Measuring cold start time of AWS Lambda functions with Java and SnapStart

Aleksandr Filichkin
5 min readMar 26

I hope everyone already knows that Java is not a perfect language for AWS Lambda because of its huge cold start(first start) issue. You can read about it in my previous article.

What is SnapStart

At AWS re:Invent 2022, AWS announced SnapStart for AWS Lambda running on Java Corretto 11. AWS says that this feature will significantly (10x) reduce the cold start latency and this feature is free, with no additional costs.

SnapStart is a feature that improves the startup time of Lambda functions. When a customer releases a new version of their function, the Lambda service initializes its code and creates an encrypted snapshot of the execution environment.

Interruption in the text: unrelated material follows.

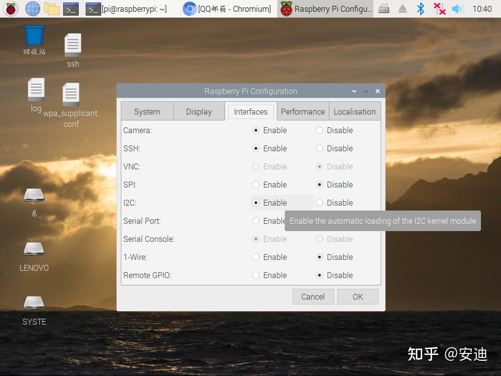 第二种方式,直接使用Raspberry Pi OS桌面环境的图形配置工具“Rasberry Pi Configuration”,导航至“Menu > Preferences > Raspberry Pi Configuration”开启。

This snapshot is stored in a cache with multiple tiers for quick and easy access.

Later, when the function is called and scaled, Lambda retrieves the execution environment from the stored snapshot instead of starting from scratch. This process significantly reduces the time it takes for the function to start up, resulting in lower latency.

The lifecycle of a Lambda function

As always all code is available on my GitHub https://github.com/Aleksandr-Filichkin/aws-lambda-snapstart. The repo contains all required Terrafrom scripts and has GitLab Actions.

Test scenario

API-Gateway -> AWS Lambda->DynamoDb

We are going to compare the performance of plan Java implementation and Java + SnapStart.

Plain Java (without SnapStart)

  • Java 11
  • AWS SDK-V2 for Dynamodb
  • No DI (Spring, etc)
  • No special frameworks
  • Utilize CPU burst on startup (move everything to static, warm-up dynamo DB client by saving a dummy data into Dymanodb)
  • Reduce dependencies(exclude Netty)
  • Specify AWS Regions
  • Specify Credential Provider
public class BookHandler implements RequestHandler<APIGatewayProxyRequestEvent, APIGatewayProxyResponseEvent> {

/**
* All clients should be static and initialized on init state, it dramatically reduces cold start, because use CPU burst of AWS Lambda.